Depois duma breve oração, Julião despediu-se do padre Francisco, profundamente convencido de que Deus trabalhava no coração do sacerdote.

Quando chegou a sua casa, estava lá o mestre João, que ao vêl-o disse:

—Aposto em que o padre mais uma vez o enganou!

—Senhor João—respondeu Julião,—oremos ao Senhor pelas almas que trabalham por abandonarem o mal, e ás quaes Satanaz persegue e põe mil obstaculos para as impedir de se acercarem do Senhor. A conversão dum sacerdote romano é para Satanaz um verdadeiro desespero.

CAPITULO XXVI

O padre Francisco

Já haviam decorrido oito dias desde que Julião tinha regressado a Madrid, e quatro desde que ele havia falado com o padre Francisco.

Julião tornou a encarregar-se do culto que se celebrava em casa. Uma noite, depois de prégar, anunciou aos concorrentes que na noite seguinte um novo prégador desejava dirigir-lhes a palavra, e taes coisas disse e por tal modo encareceu o assunto, chamando a concorrencia dos assistentes, e especialmente dos visinhos, que na noite de que vamos falar a sala do culto, corredor e mais dependencias, donde se podia ouvir, estavam atulhadas de gente.

No semblante de todos via-se desenhados os desejos mais veementes de conhecer o novo prégador.

Chegou, por fim, a hora de principiar o culto, e a curiosidade ia satisfazer-se.

Julião ocupou a cadeira que ficava pelo lado detraz da meza, invocou o auxilio do Senhor, cantou-se como de costume um hino, fez-se oração, e em seguida Julião leu o cap. 55 de Isaias.

Em logar de tomar o texto para prégar, Julião afastou-se para um dos lados da meza, quando acabou de ler. Neste momento abriu-se uma porta de vidraça, que ficava pelo lado de traz dele, e entrou um individuo, que veiu ocupar o logar do prégador.

Este individuo, vestido de preto, fez com que todos os concorrentes exclamassem, possuidos de profunda admiração:

—Oh! O padre Francisco!!!

Houve uns momentos de assombro geral, durante os quaes foram sentar-se a ambos os lados da meza Julião e o joven evangelista Mateus.

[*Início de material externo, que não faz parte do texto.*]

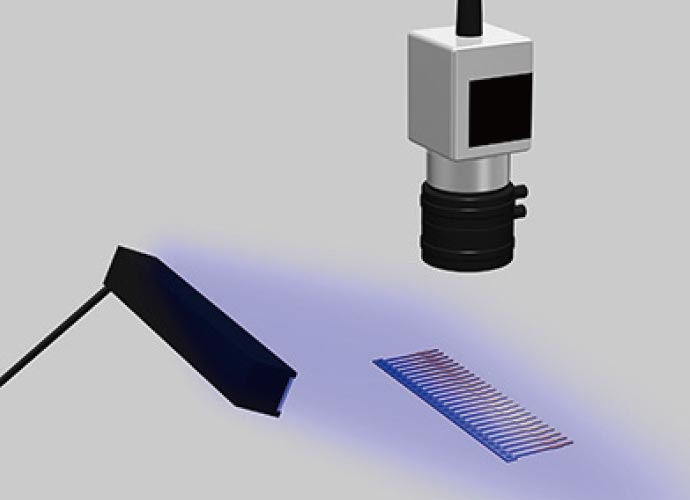 金のメッキが施されたリード部品の境界をカメラで検査します。

Passados aqueles momentos, o padre Francisco disse:

—«Sim, amigos meus, é o padre Francisco, que, tendo ouvido na palavra de Deus o convite a «todos os sedentos para virem ás aguas», cheio de sêde acode pressuroso a esse manancial de aguas divinas; o padre Francisco, que ouviu ainda a tempo o aviso de Deus: o padre Francisco, emfim, que, impelido hoje por uma força desconhecida, por uma voz que lhe grita: «para deante» vem para fazer aqui, e depois em outra parte, uma confissão dos seus erros, e uma profissão de fé. Todos sabeis quem eu sou, todos me conheceis: e por isso mesmo a vós outros, antes do que a ninguem, venho dizer-vos que creio no milagre portentoso do Santo, porque dos meus olhos tambem cairam as escamas do erro.

«Eu era cego, guia de cegos; e ai! sem o pensar, a quantos precipitei eu no barranco!

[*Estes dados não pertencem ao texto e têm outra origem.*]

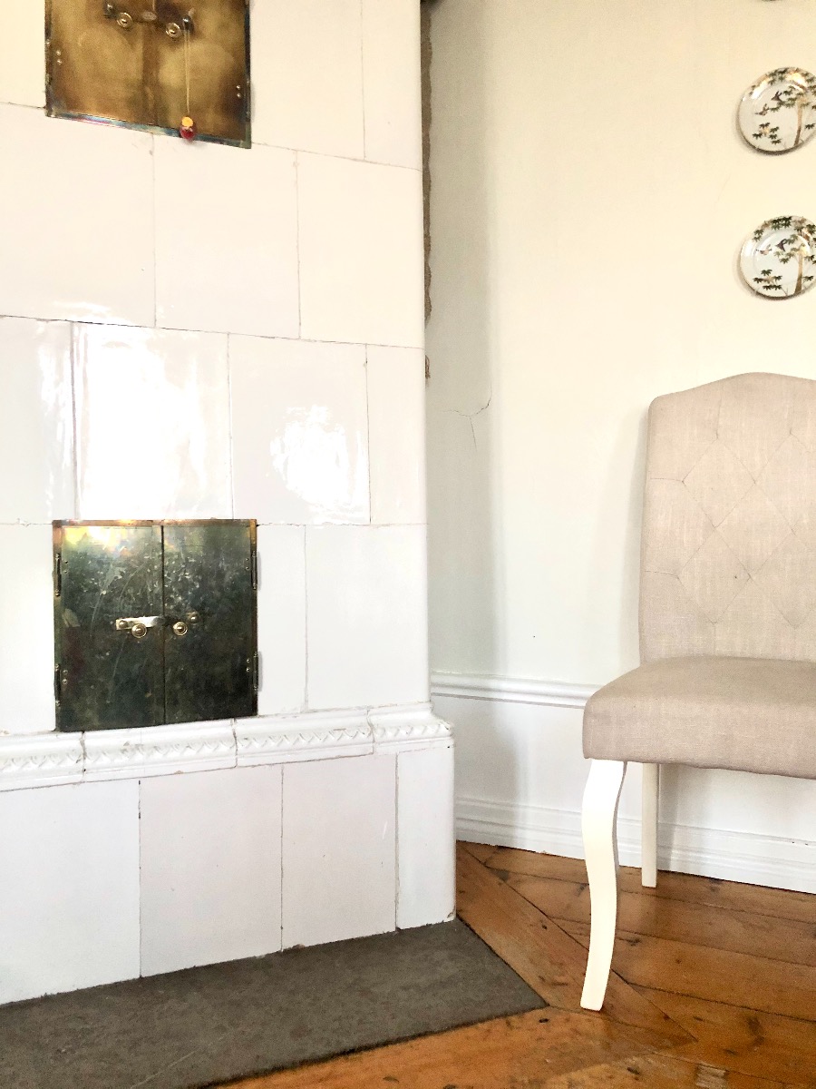 Ofta ser man att höjden på golvsocklar anpassats efter andra linjer i rummet. Det kan vara allt från elementskydd, till – som i det här fallet – kakelugnens fotsims och sockel nertill. Det ger ett enhetligt intryck utan störande skillnader längs väggarna.

«Nescio de mim que, tendo o Evangelho em minhas mãos, jámais estudei as verdades nele contidas, fiando-me sómente na interpretação rotineira que me haviam ensinado nas cadeiras de teologia que cursei.

«Porém, graças a Deus, vim ao reconhecimento da verdade que ha em Cristo Jesus, e hoje abandono o erro que está na Egreja de Roma. De hoje em deante serei cristão de Cristo, porém não cristão do Papa; serei prégador do Evangelho, porém não serei sacerdote; perderei com isso a minha reputação, o meu credito, tudo; porém não me importa; ganhei a Cristo; é quanto basta; e a todos quantos julguem ver no meu procedimento um fim interesseiro, emprazo-os para deante do Tribunal Supremo, naquele dia em que «todo o oculto será manifesto.»